Some experience in configuring gLite MPI cluster via YAIM
Contents
Installation of packages
In order to install needed packages via yum an additional repository has to be added on CE and WNs in /etc/yum.repos.d/. File name can be e.g. glite-MPI_utils.repo and it can be downloaded from here. Its content is the following:
[glite-MPI_utils] name=gLite 3.1 MPI utils baseurl=http://linuxsoft.cern.ch/EGEE/gLite/R3.1/glite-MPI_utils/sl4/$basearch/ enabled=1
Remove all java-related packages in order to avoid unresolvable dependencies problem:
[CE,WNs]$ yum remove java jdk xml-commons-jaxp
Update installed packages:
[CE,WNs]$ yum update
There are several options mentioned here to install JAVA. The second one which is called “Option 2: Installing SUN's RPM of JDK" assumes the installation of native jdk packages from SUN's web-site. Installation of xml-commons-jaxp-1.3-apis package causes the dependency problem whereas xml-commons-jaxp-1.2-apis doesn't. So do:
[CE,WNs]$ yum install xml-commons-jaxp-1.2-apis [CE,WNs]$ yum locallinstall jdk-1_5_0_14-linux-i586.rpm [CE,WNs]$ yum install java-1.5.0-sun-compat-1.5.0.14
More details about different combinations of java, xml-commons-jaxp and java-1.5.0-sun-compat packages are described in GGUS ticket #49604.
Taking into account that issue and bug #50854 it was a necessary to specify exact version of some packages for CE and WN correspondingly like below:
[CE]$ yum install lcg-CE glite-BDII glite-TORQUE_server glite-TORQUE_utils glite-MPI_utils torque-2.1.9-4cri.slc4 maui-client-3.2.6p19_20.snap.1182974819-4.slc4 maui-server-3.2.6p19_20.snap.1182974819-4.slc4 maui-3.2.6p19_20.snap.1182974819-4.slc4 torque-server-2.1.9-4cri.slc4 torque-client-2.1.9-4cri.slc4
[WNs]$ yum install glite-WN glite-TORQUE_client glite-MPI_utils glite-TORQUE_utils torque-2.1.9-4cri.slc4 torque-client-2.1.9-4cri.slc4 maui-client-3.2.6p19_20.snap.1182974819-4.slc4 torque-mom-2.1.9-4cri.slc4 maui-3.2.6p19_20.snap.1182974819-4.slc4
Additional MPI flavors can also be installed. E.g. in order to enable OpenMPI support on cluster an openmpi package needs to be compiled with torque|pbs support (--with-tm option). To enable fortran support "--enable-mpi-f77" and "--enable-mpi-f90" options need to be specified:
$ wget http://www.open-mpi.org/software/ompi/v1.3/downloads/openmpi-1.3.2-1.src.rpm -P /usr/src/redhat/SRPMS/ $ yum install gcc-c++ gcc make gcc4-gfortran $ yum install torque-devel-2.1.9-4cri.slc4 $ rpmbuild --rebuild /usr/src/redhat/SRPMS/openmpi-1.3.2-1.src.rpm --define 'configure_options --with-tm=/usr --enable-mpi-f77 --enable-mpi-f90' --define 'install_in_opt 1' --define 'build_all_in_one_rpm 1' --target i386
Install compiled package on one of WN and check if tm components are there:
$ rpm -Uvh /usr/src/redhat/RPMS/i386/openmpi-1.3.2-1.i386.rpm
$ /opt/openmpi/1.3.2/bin/ompi_info|grep " tm"
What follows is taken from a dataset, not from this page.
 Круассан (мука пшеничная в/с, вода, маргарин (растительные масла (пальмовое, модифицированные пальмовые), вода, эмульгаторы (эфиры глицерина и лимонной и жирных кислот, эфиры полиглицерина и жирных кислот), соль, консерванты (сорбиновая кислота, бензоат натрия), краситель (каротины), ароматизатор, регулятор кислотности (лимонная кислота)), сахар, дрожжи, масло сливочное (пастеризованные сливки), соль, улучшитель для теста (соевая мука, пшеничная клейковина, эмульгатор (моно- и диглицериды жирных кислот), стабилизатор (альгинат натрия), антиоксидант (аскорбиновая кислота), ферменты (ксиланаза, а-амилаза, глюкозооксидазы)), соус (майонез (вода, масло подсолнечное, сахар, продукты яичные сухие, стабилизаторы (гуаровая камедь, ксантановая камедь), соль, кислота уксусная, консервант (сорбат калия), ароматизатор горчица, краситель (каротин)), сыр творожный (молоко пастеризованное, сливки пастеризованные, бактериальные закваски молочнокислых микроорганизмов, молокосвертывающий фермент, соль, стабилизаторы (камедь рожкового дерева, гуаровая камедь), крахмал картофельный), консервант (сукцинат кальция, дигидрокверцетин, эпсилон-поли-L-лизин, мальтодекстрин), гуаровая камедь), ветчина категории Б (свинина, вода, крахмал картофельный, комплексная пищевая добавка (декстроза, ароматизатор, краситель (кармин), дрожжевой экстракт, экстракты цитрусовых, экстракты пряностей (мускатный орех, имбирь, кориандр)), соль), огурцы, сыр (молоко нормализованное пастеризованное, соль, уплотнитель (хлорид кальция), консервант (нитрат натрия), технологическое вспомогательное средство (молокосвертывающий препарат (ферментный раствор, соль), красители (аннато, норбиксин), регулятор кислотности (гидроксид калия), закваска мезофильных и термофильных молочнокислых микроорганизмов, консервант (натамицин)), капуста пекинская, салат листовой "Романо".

MCA ras: tm (MCA v2.0, API v2.0, Component v1.3.2)
MCA plm: tm (MCA v2.0, API v2.0, Component v1.3.2)Compiled package needs to be installed on all WNs of cluster (as well as gcc4-gfortran if needed).
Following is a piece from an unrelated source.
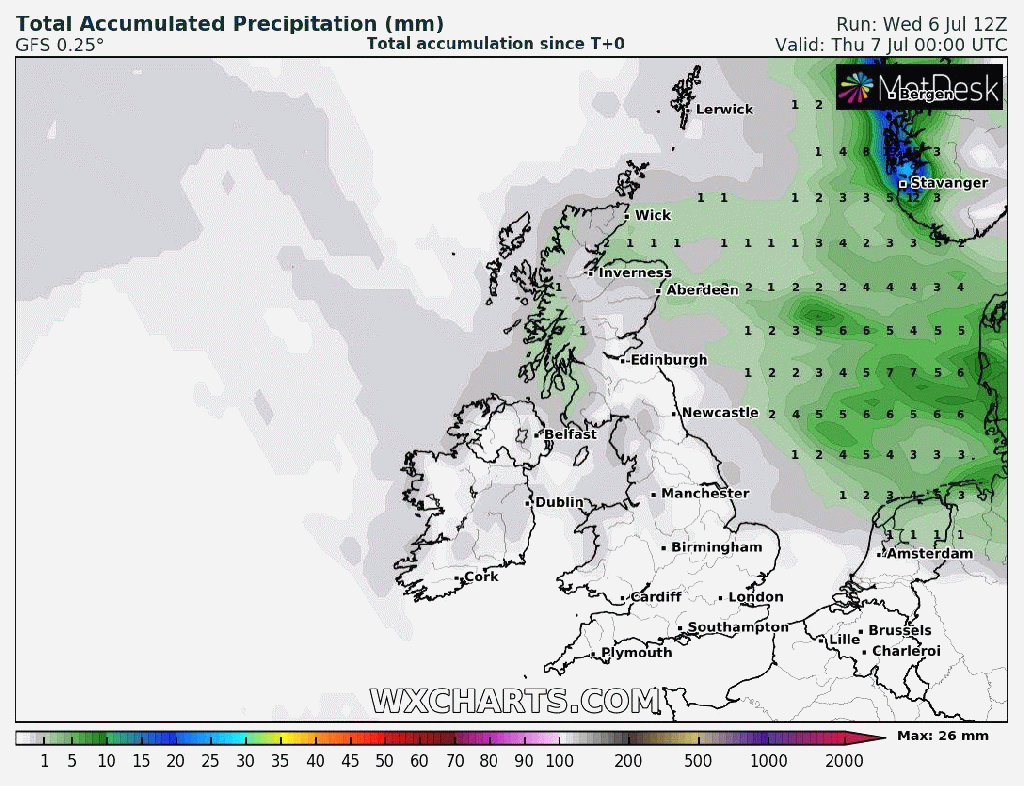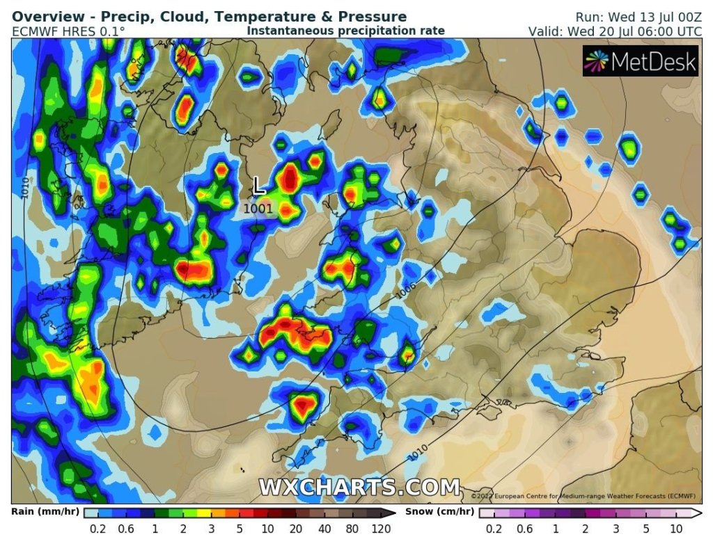 Thursday: Generally cloudy with a chance of some light patchy rain or drizzle. A lucky few will see bright spells into the afternoon but still we can’t rule out a shower. A warm night. Max 20°C

There is a corresponding feature request.
i2g-mpi-start package available in glite-MPI_utils repo is pretty old (v0.0.52-1). The latest production version is 0.0.59-1 and it is available here. There is also corresponding enhancement request.
Links to repositories of i2g packages for different architectures can be found here.
Configuring CE and WNs
As mentioned here there are several approaches to distribute MPI binaries for user jobs and thus there are different gLite MPI cluster setups:
1) shared /home or other directory between WNs,
2) passwordless ssh between WNs,
3) files distribution via mpiexec
There is a possibility to use i2g-mpi-start package (or simply mpi-start) for files distribution. Its logic is the following.
The distribution method used depends on the plugin that is found most suitable after iterating over all *.filedist plugins. Technically, every plugin returns some integer. After iterating over all plugins, the plugin which returned the lowest integer (highest suitability) is used.
Suitability depends on :
- available MPI
and
- other environment settings (most frequently availability of a shared file system).
mpiexec-based distribution logic is
(the mpiexec plugin finds out that MPICH or MPICH2 is used AND PBS is the scheduling file system) AND (no better file distribution is found).
The ssh-based distribution logic is
(the env. variable MPI_SSH_HOST_BASED_AUTH is set OR Open MPI is found) AND (no better file distribution is found).
For the moment there is no optimal GLOBAL strategy when more than one methods are found suitable. For example, currently the mpiexec based distribution has a higher priority than the SSH-based distribution if both plugins are found to work. That is why in order to get ssh file distribution to work the mpiexec plugin needs to be switched off (remove|renamed) - see "passwordless ssh between WNs (host-based authentication)" part.
Because of bug #48875 all MPI-related variables have to be defined in site-info.def file but not in siteinfo/services/glite-mpi* ones.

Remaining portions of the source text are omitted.